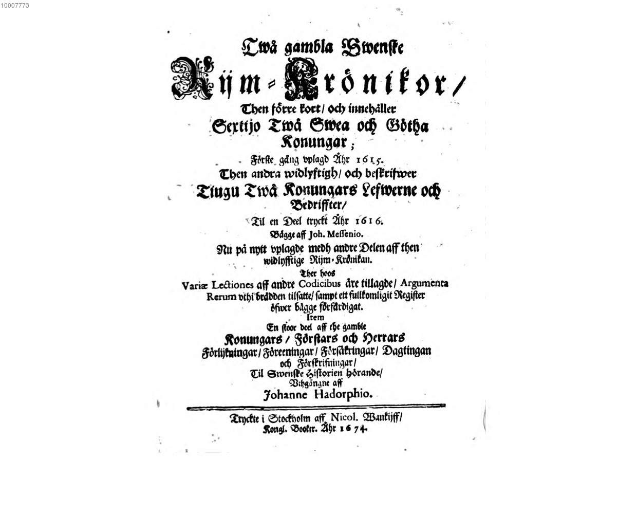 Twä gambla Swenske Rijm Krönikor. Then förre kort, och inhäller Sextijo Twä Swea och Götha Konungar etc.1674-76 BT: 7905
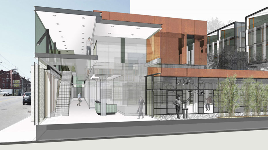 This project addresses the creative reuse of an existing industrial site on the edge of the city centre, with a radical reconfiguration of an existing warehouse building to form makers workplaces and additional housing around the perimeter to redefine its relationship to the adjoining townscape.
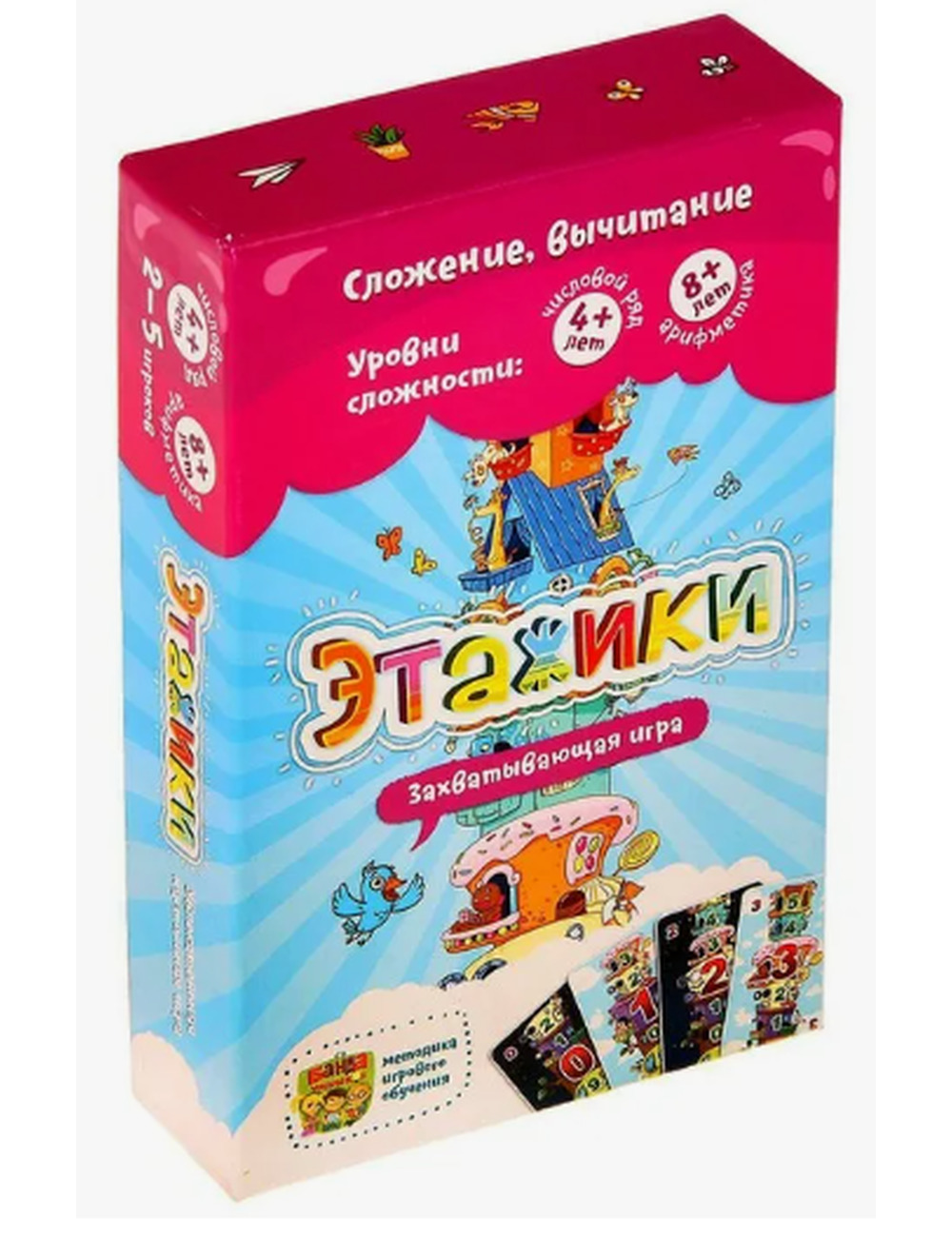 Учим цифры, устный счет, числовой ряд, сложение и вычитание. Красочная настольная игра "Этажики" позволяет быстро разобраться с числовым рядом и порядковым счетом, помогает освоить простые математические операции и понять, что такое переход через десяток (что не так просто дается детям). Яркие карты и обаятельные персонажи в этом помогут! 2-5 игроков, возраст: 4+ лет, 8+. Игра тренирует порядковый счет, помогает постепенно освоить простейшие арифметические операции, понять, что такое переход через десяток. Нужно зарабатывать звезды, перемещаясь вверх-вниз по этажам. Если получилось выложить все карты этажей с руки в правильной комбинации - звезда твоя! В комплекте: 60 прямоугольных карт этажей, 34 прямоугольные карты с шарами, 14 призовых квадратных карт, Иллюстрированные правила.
· · ·
▸ Required action
Leaving out the pictures, restate the listing above exactly.

▸ Result of the task
 Twä gambla Swenske Rijm Krönikor. Then förre kort, och inhäller Sextijo Twä Swea och Götha Konungar etc.1674-76 BT: 7905
 This project addresses the creative reuse of an existing industrial site on the edge of the city centre, with a radical reconfiguration of an existing warehouse building to form makers workplaces and additional housing around the perimeter to redefine its relationship to the adjoining townscape.
 Учим цифры, устный счет, числовой ряд, сложение и вычитание. Красочная настольная игра "Этажики" позволяет быстро разобраться с числовым рядом и порядковым счетом, помогает освоить простые математические операции и понять, что такое переход через десяток (что не так просто дается детям). Яркие карты и обаятельные персонажи в этом помогут! 2-5 игроков, возраст: 4+ лет, 8+. Игра тренирует порядковый счет, помогает постепенно освоить простейшие арифметические операции, понять, что такое переход через десяток. Нужно зарабатывать звезды, перемещаясь вверх-вниз по этажам. Если получилось выложить все карты этажей с руки в правильной комбинации - звезда твоя! В комплекте: 60 прямоугольных карт этажей, 34 прямоугольные карты с шарами, 14 призовых квадратных карт, Иллюстрированные правила.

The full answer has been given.